[Dataset excerpts]
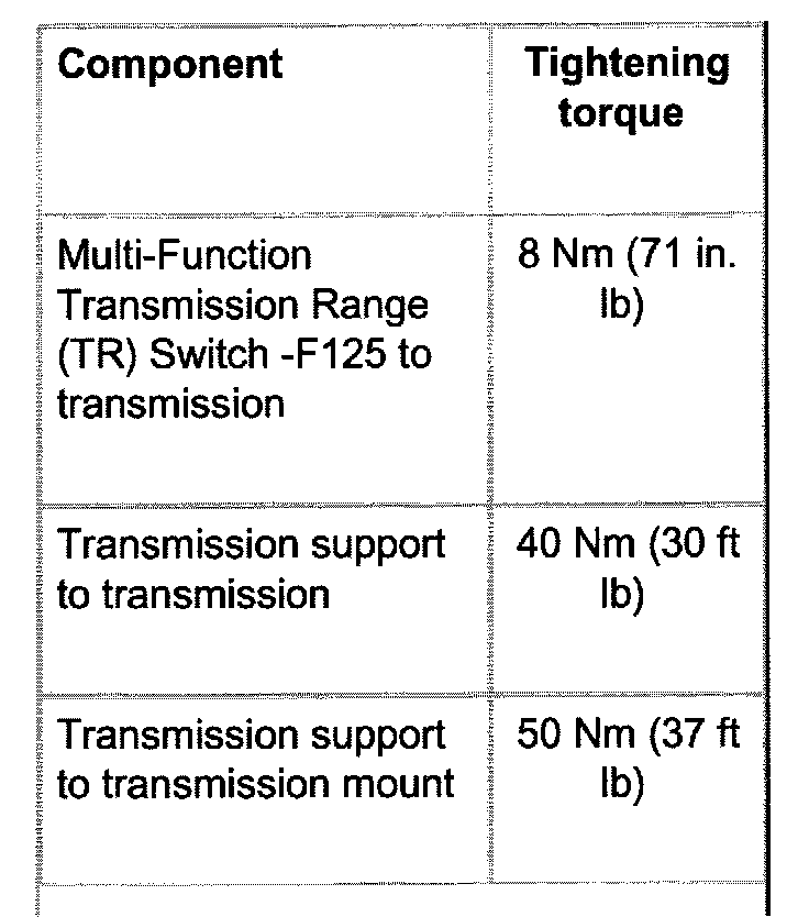 ^ Remove Multifunction Transmission Range (TR) Switch -F125 at transmission and pull off selector shaft.
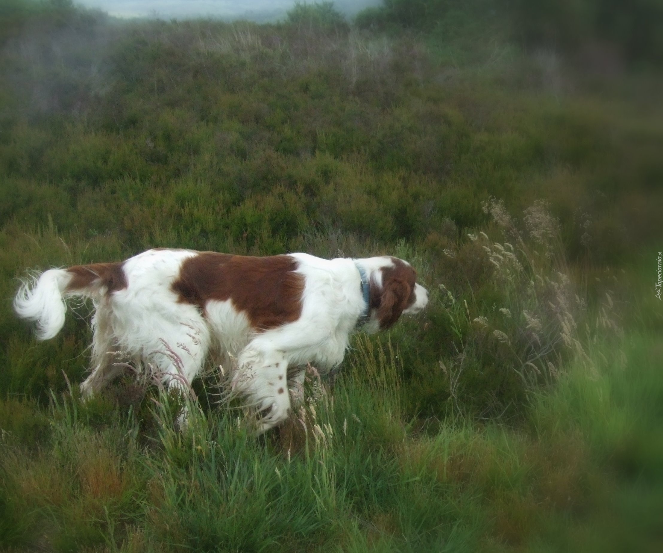 Edytor tapety: Seter irlandzki czerwono-biały, łąka
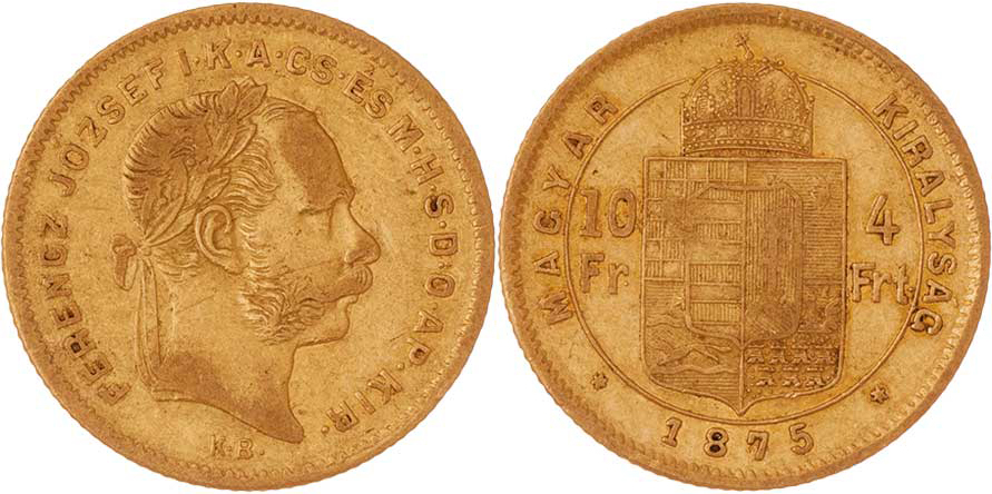 4 Zlatník 1875 KB (pouze 11.000 ks), 3.184g, nep.hr., nep.rysky, pěkná patina R!
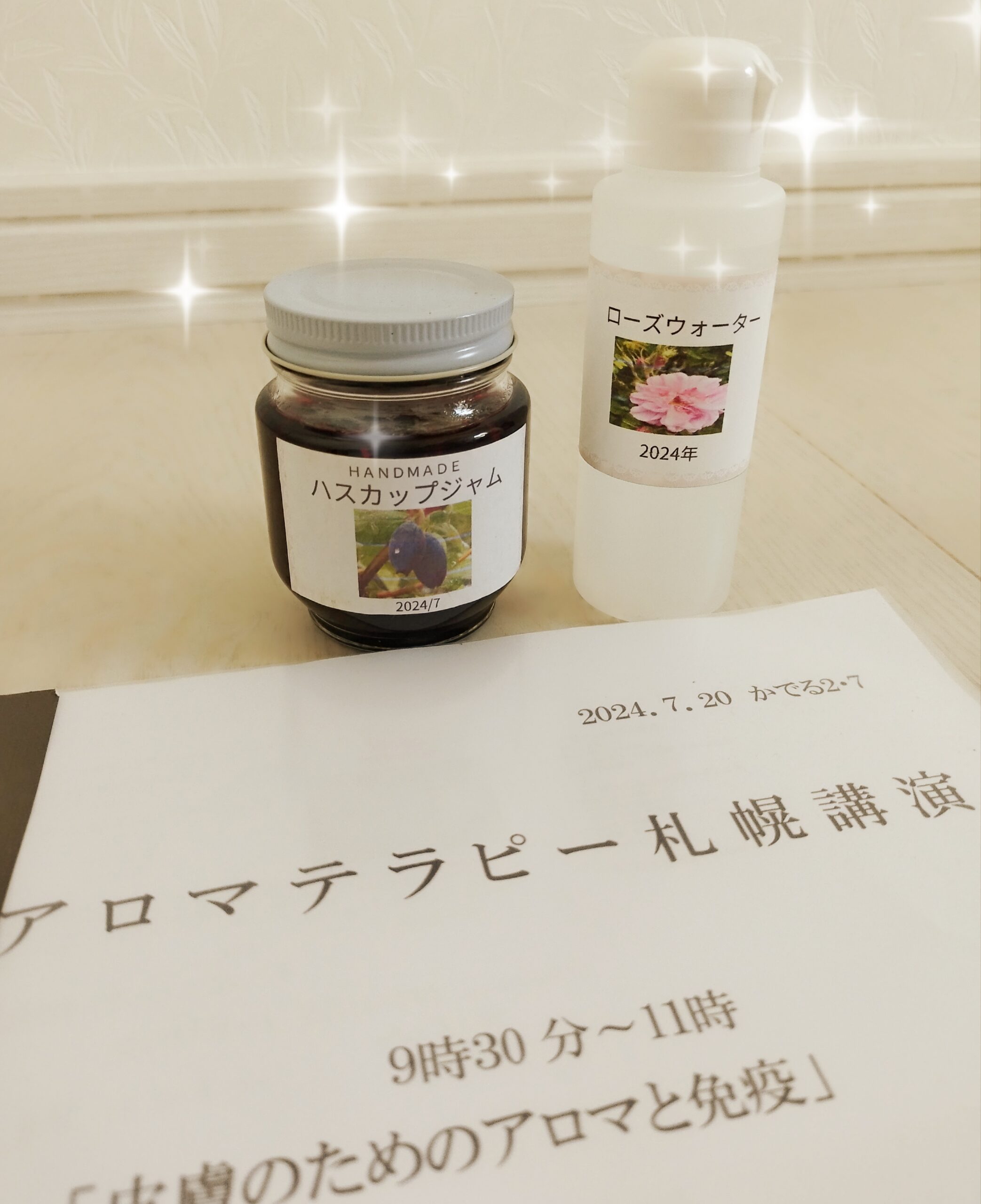 ナードアロマの大先輩が企画してくださっている講演会で、最後にローズウォーターとハスカップジャムの嬉しいお土産付き。
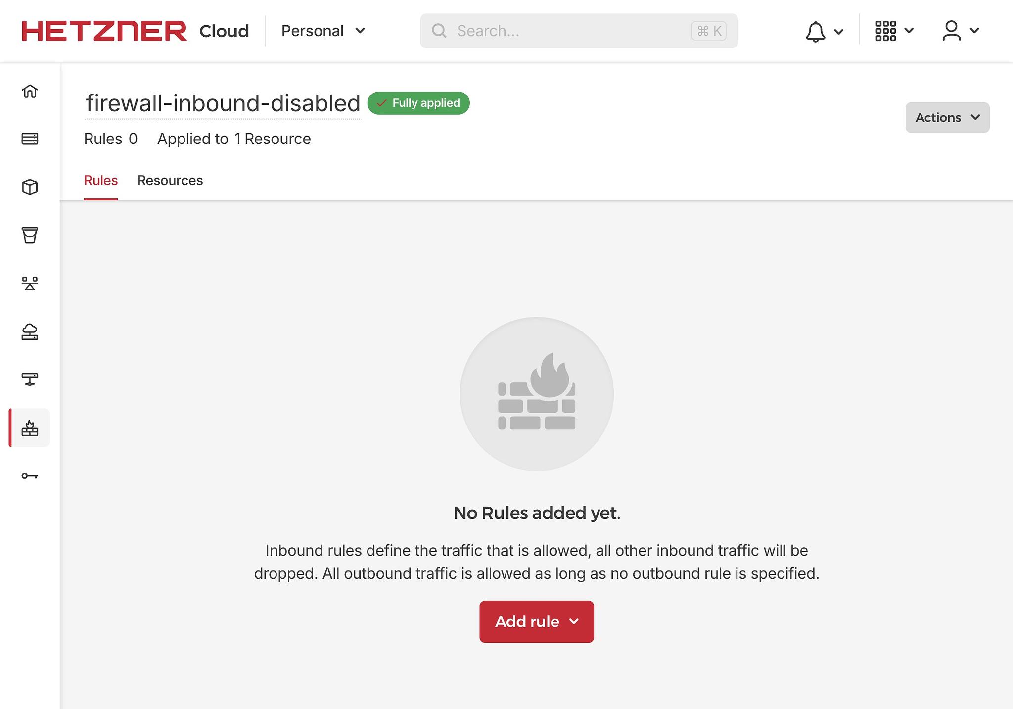 Here's the configuration I've been using for years on Hetzner. Basically, I have 0 rules allowing for inbound traffic.
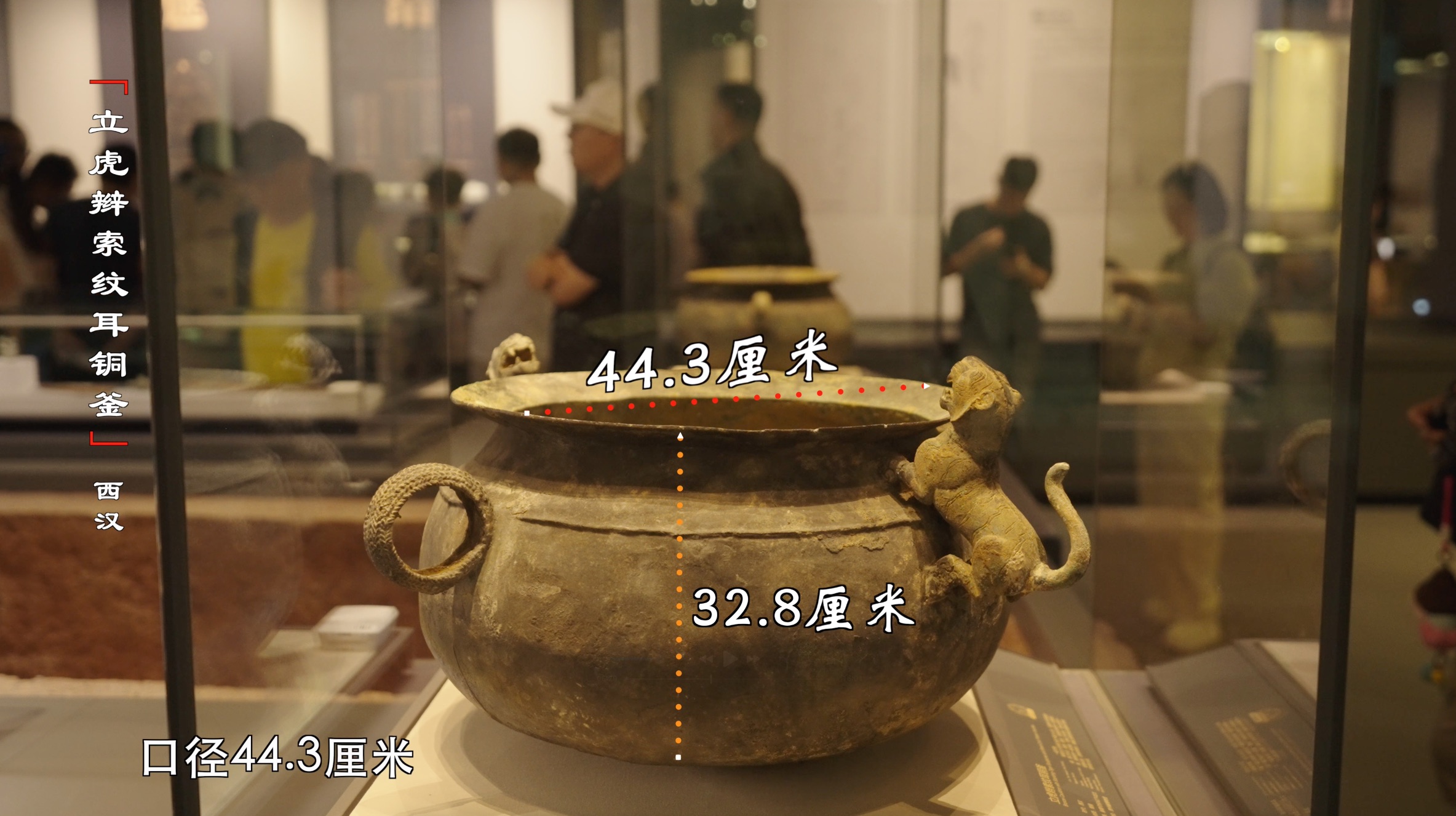 在贵州省博物馆的展厅里,西汉立虎辫索纹耳铜釜静默而立。这件出土于赫章可乐274号墓的青铜重器,高32.8厘米,口径44.3厘米,鼓腹圜底,双耳饰以粗韧的辫索纹。

● **WHAT THIS TASK INVOLVES**: Once the images are removed, print the remaining data exactly as it appears above.

● **RESPONSE**:
 ^ Remove Multifunction Transmission Range (TR) Switch -F125 at transmission and pull off selector shaft.
 Edytor tapety: Seter irlandzki czerwono-biały, łąka
 4 Zlatník 1875 KB (pouze 11.000 ks), 3.184g, nep.hr., nep.rysky, pěkná patina R!
 ナードアロマの大先輩が企画してくださっている講演会で、最後にローズウォーターとハスカップジャムの嬉しいお土産付き。
 Here's the configuration I've been using for years on Hetzner. Basically, I have 0 rules allowing for inbound traffic.
 在贵州省博物馆的展厅里,西汉立虎辫索纹耳铜釜静默而立。这件出土于赫章可乐274号墓的青铜重器,高32.8厘米,口径44.3厘米,鼓腹圜底,双耳饰以粗韧的辫索纹。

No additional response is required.